- What you need to do -
Retype the data exactly, from its first line to the line containing "カジュアルなシアーロンtを合わせ軽やかなカジュアルな印象に◉", including both, and skip any picture.

- Recorded data -
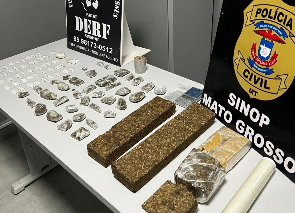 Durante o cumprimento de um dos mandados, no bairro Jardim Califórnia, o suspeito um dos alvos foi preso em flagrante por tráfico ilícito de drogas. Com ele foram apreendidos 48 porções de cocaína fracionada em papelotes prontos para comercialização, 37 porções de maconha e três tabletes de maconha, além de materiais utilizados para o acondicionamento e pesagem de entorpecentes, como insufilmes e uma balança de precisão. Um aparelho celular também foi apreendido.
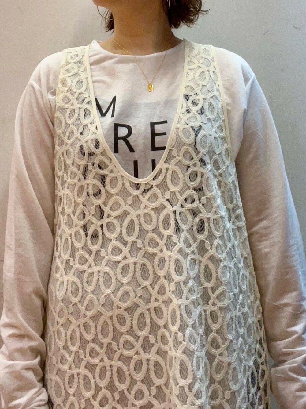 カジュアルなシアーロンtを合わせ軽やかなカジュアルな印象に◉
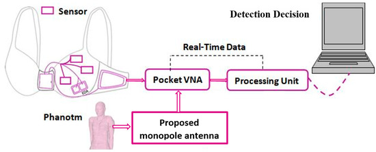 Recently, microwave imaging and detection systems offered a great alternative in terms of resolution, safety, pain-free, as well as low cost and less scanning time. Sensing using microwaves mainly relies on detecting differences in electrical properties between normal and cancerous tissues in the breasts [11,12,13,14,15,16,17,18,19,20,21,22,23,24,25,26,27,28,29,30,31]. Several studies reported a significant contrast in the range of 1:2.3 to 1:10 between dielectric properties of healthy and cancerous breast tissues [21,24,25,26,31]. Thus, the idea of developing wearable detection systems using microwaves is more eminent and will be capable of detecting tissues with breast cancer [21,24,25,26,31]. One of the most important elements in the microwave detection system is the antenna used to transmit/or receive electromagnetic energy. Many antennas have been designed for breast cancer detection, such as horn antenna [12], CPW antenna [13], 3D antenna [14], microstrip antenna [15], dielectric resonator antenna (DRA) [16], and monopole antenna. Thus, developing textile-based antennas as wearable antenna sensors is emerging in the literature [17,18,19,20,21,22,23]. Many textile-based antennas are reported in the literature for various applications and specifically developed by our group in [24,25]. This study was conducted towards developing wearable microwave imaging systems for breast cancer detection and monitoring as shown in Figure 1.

- Solution for this exercise -
 Durante o cumprimento de um dos mandados, no bairro Jardim Califórnia, o suspeito um dos alvos foi preso em flagrante por tráfico ilícito de drogas. Com ele foram apreendidos 48 porções de cocaína fracionada em papelotes prontos para comercialização, 37 porções de maconha e três tabletes de maconha, além de materiais utilizados para o acondicionamento e pesagem de entorpecentes, como insufilmes e uma balança de precisão. Um aparelho celular também foi apreendido.
 カジュアルなシアーロンtを合わせ軽やかなカジュアルな印象に◉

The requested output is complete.